四天王寺には、松久朋琳・宗琳の仏像が多いのですが、そのなかで、講堂の阿弥陀如来にとくに惹かれました。
高さ6メートルの巨大な阿弥陀様は、丸みのある豊かな肩と引き締まった腰をもつ姿の美しい仏さまで、伏し目がちな大きな瞳にロウソクの炎が映り、その炎がチロチロと揺らめくたびに表情を変え、仏様の魂までが息づいているように思えてきます。
この仏さまに出会えただけでも、「ここへ来てよかった!」と感じます。
こちらの心に静かに寄り添ってくださるような、そんな素敵な仏さまでした。
日本三舞台のひとつとされる石舞台。
(ほかの名舞台は、住吉大社の石舞台と厳島神社の板舞台)。
毎年4月には四天王寺舞楽が奉納されるそうだから、今度観に来ようっと。
四天王寺舞楽は以前に国立能楽堂の公演で拝見したことがあるのですが、やはり本場でも観てみたいですよね。
ayaexcalibur.blogspot.com
石舞台の奥に見えるのが六時礼賛堂。
亀の池はその名の通り、カメの数が半端ない💦
甲羅干しのカメさんも、泳いでいるカメさんものびのびとして幸せそう😊
亀井堂も内部は撮影禁止だったのですが、こちらの霊水も「龍の井戸」の水と同じで、金堂の地下より湧き出るとされる聖なる水です。
そして何より注目すべきは、霊水を湛えた竜山石製の亀形石造物が、古墳時代の水祭祀に使われたものではないかと議論されていることです。
奈良県明日香村の酒船石遺跡から発掘された亀形石槽との類似性が指摘され、神仙思想にもとづく古代祭祀に使われた亀形石である可能性が浮上しているとのこと。

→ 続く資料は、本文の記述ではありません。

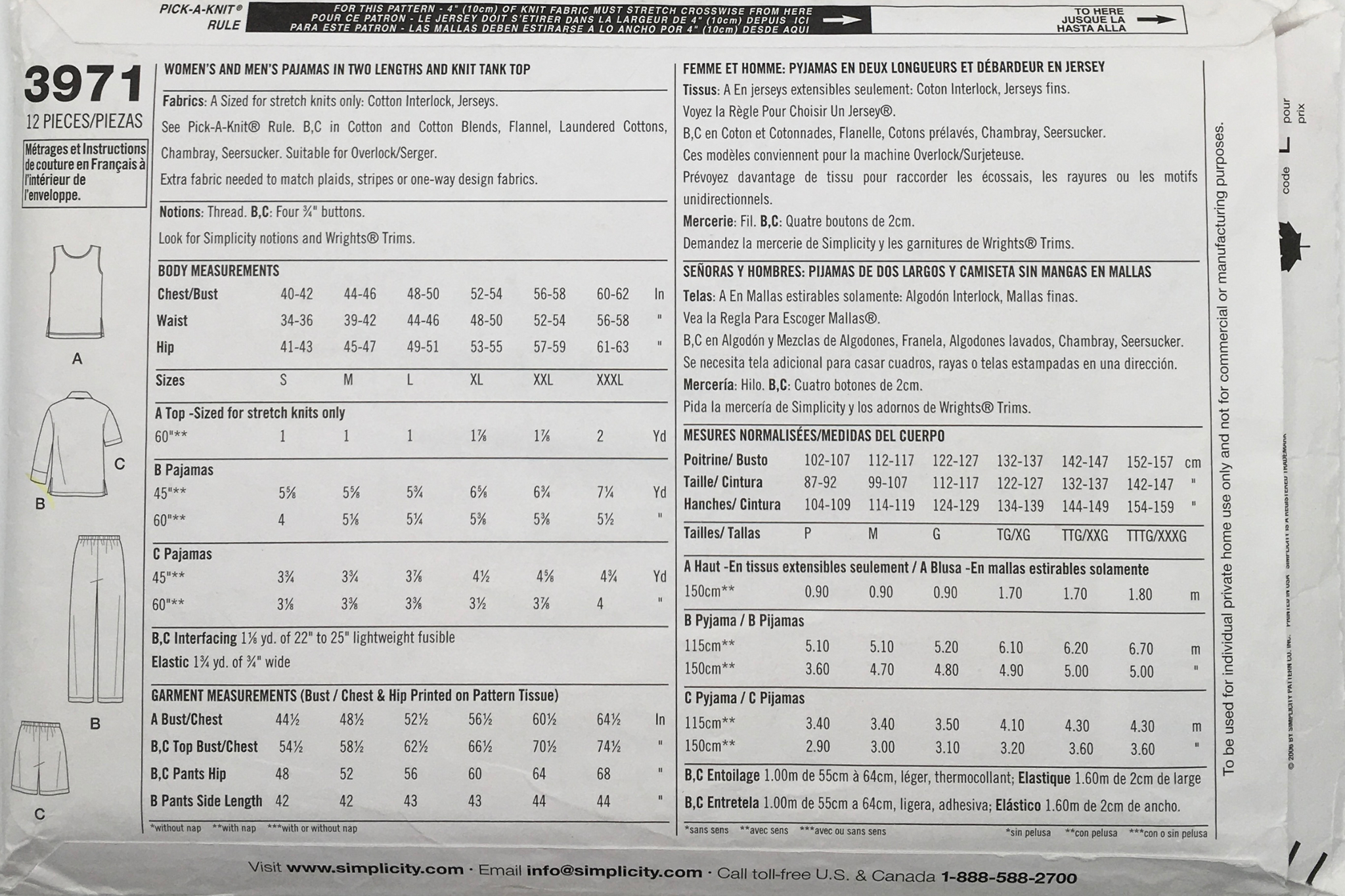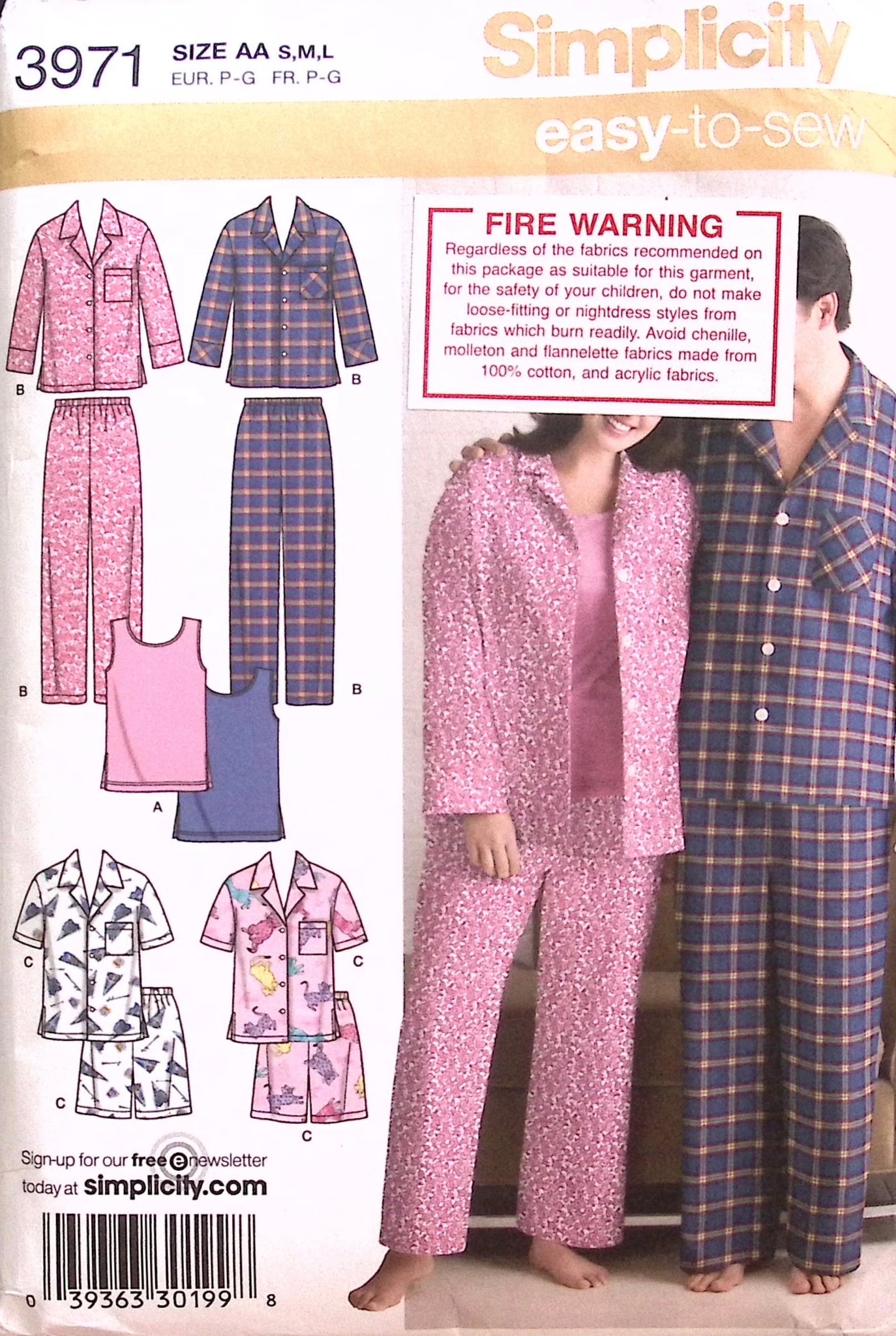 Misses' & Mens Pyjamas & Knit Tank Top: Sew comfortable pajamas effortlessly with this easy pattern designed for both Men and Misses. The set includes two sizes, offering options for long and short sleeves, pants, shorts, and a knit tank top. Perfect for beginners, this pattern provides a simple and enjoyable sewing experience.

四天王寺地下に湧き出る龍の池信仰など、おそらく四天王寺が建立されるはるか昔から水にまつわる信仰がこの地に根づいていたのでしょう。
聖徳太子が祀られている静かなお堂。
端然とした清浄な空気が流れていました。
1962年に松下幸之助の寄進により再建された極楽門。
昔の経営者・創業者は、志の高さ、精神性の深さが違います。
「釈迦如来 転法輪処 当極楽土 東門中心(釈迦が説法するところ、ここが極楽の東門の中心)」という扁額のかかった石の鳥居。
石の鳥居での日想観といえば、能《弱法師》を思い出します。
聖徳太子は四天王寺を建立するにあたり、仏教の学び場を提供し、社会的弱者を救うべく、敬田院、施薬院、療病院、悲田院の四箇院を設けました。
極楽の入口とされるこの石の鳥居には、病者、貧者、乞食、非人たちが救済を求めて集まっていたのです。
そんな彼らにとって、西の海に沈む夕日を眺めて、極楽浄土を観想することがどれほどの救いになったことか。
後光のような残照は、阿弥陀如来があまねく照らす神々しい救いの光に見えたことでしょう。
太陽の光だけは、すべての人を平等に照らします。
目の見えない人にも、その明るさは感じられるのです。
貧民やハンセン病患者を救済し、この石の鳥居を建立した忍性も、夕日の光に照らされながら、彼らに仏の教えを説き、彼らの心を慰め、希望を与えてきたのでしょう。
「満目青山は心にあり」
夕日に輝く海の景色を心の目で見た弱法師の感動が伝わってくる気がします。
四天王寺門前の釣鐘饅頭の老舗。
蓮の花弁を模した花頭窓は、こうして見ると釣鐘形にもなるのですね。
屋根の上に釣鐘が載っているのも可愛らしい。